Increasing travel times will mean increased emissions from internal combustion engines. While EVs, together with rideshare, will keep making congestion and travel times worse if we stay with this siloed thinking that punishes private car use, it worsens transport at a time when we need it the most.  

 As David Zipper points out in his recent Bloomberg Lab article,

“Bad transportation is a tax on business productivity.”

It restricts freight and blows out trip times, losing hours, increasing emissions, and hurts labour mobility by creating lengthy commutes and funnels workers into lower-paying jobs. With record household debt and casualisation of work, that’s not sustainable in the long term because you can’t afford to live in a ‘sustainable city’ if you can’t afford to pay your way around it.

What does this all mean for sustainable development, cities and urban planning? What have we got to work with right now, and how do we relieve, not increase, the pain point of traffic? Well, we can do plenty if we focus on right now and promote what has virtue. Let’s look at what we have got in the toolkit.

Connected vehicles

Connected vehicles mean we can identify congestion, accidents, emergencies and safety hotspots. Real-time data APIs means we can alert drivers to delays and advise alternate route (especially on the M5), identify intersections with extreme braking above 1G (that’s right, tailgating means you have to brake to a hard stop sometimes).  

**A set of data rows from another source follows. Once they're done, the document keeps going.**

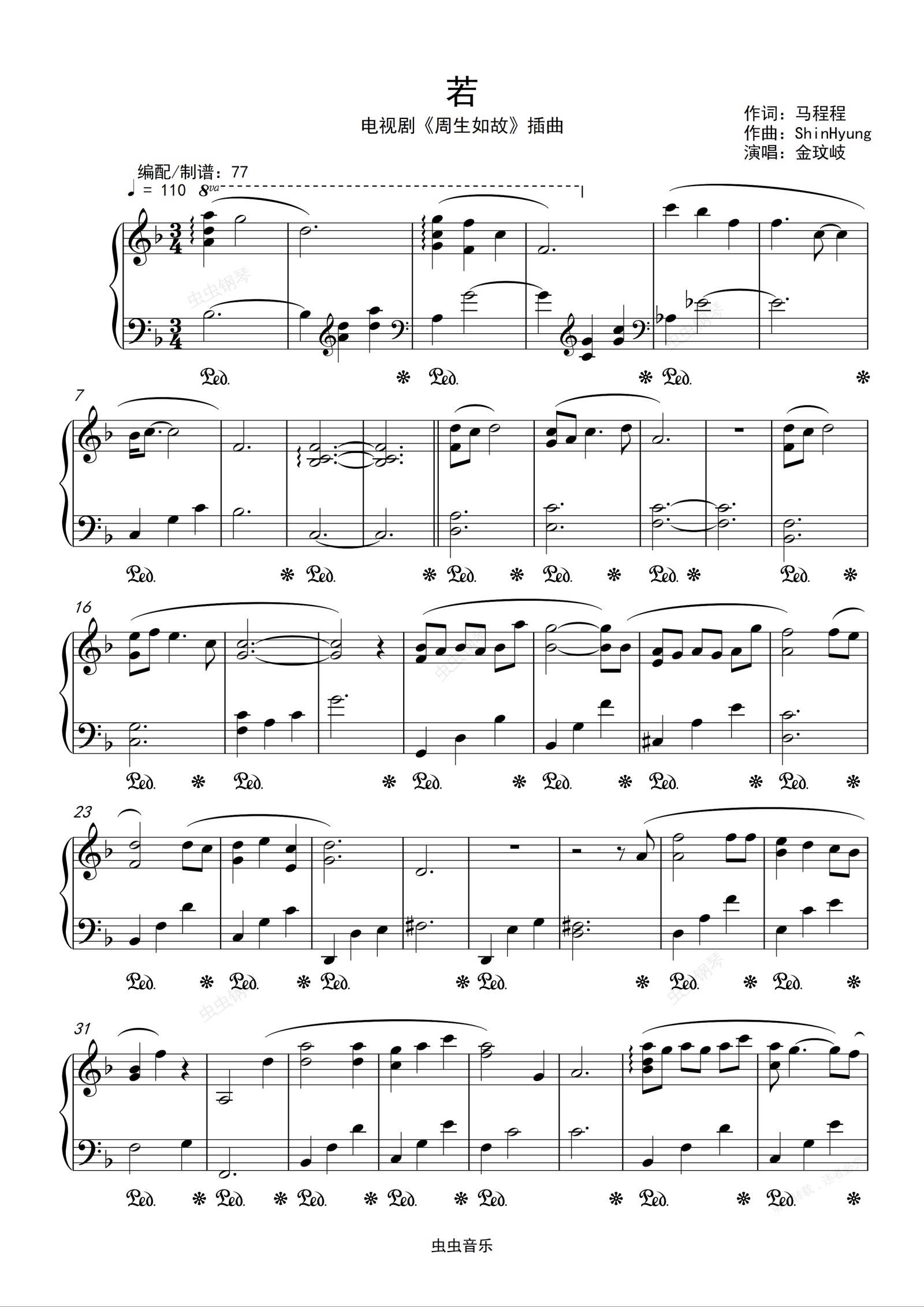 钢琴谱:金玟岐-《若》电视剧{周生如故}插曲 钢琴独奏谱
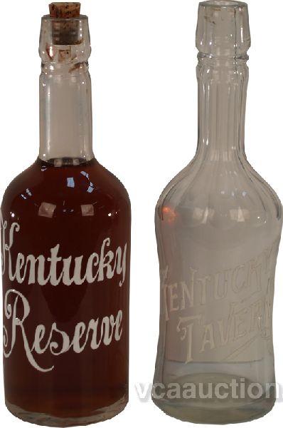 Lot Of 2 White Enamel Lettering Glass Back Bar Bottles: 1 - Kentucky Tavern & 1 - Kentucky Reserve
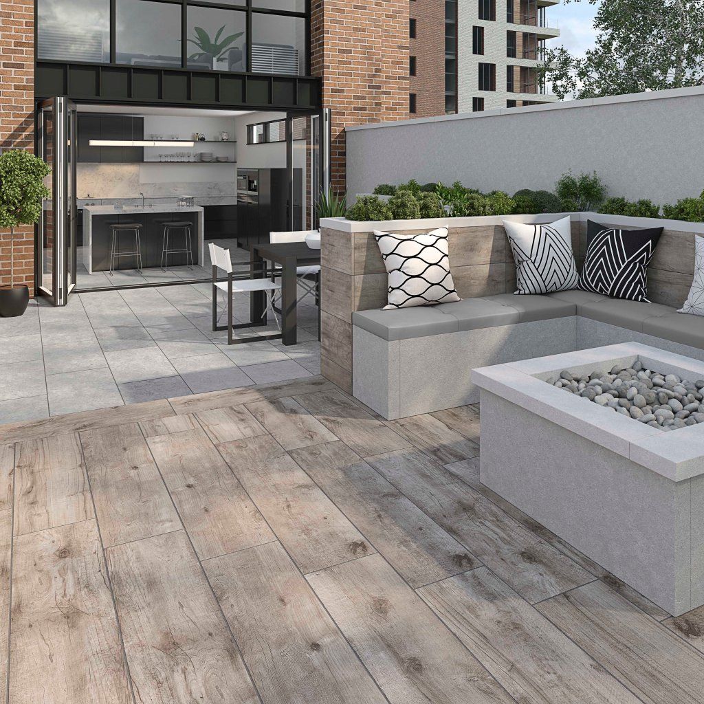 Wood-look tiles give the warm aesthetic of timber without the maintenance issues caused by fluctuating temperatures.

Waycare, a US traffic data company, reports using their traffic data to lower traffic accidents by 17 per cent and speed up response times by 12 minutes. It can help reduce the number of road crashes that wreck lives and cause chronic pain conditions that people then live with for the rest of their lives.  

Smart parking

Smart parking guidance systems are proven in Australia, with drivers reporting they save 2.48 minutes each trip, halving congestion at the destination, lowering GHG emissions and tailpipe pollution.

Road traffic data

Traffic data and insights that provide context to keep the system running more smoothly. Planning future builds, black spot upgrades and infrastructure to increase safety and mitigate travel time issues are developed based on fact. The increased volume of cars on the road are easily identified and drive tactical urbanism goals to increase active travel and repurpose streets.

Data can provide a ‘situation report’ to arm engagement between the government and the community. This sparks a frank conversation about the goal – is it to lower speeds for safety in busy precincts or increase average speeds to ease congestion and encourage free-flow traffic?

Information presented in a way that provides time-poor people with context underpins the ability to discuss the impact of ‘lockdown traffic’ volumes on increasing speeds and near misses and accidents.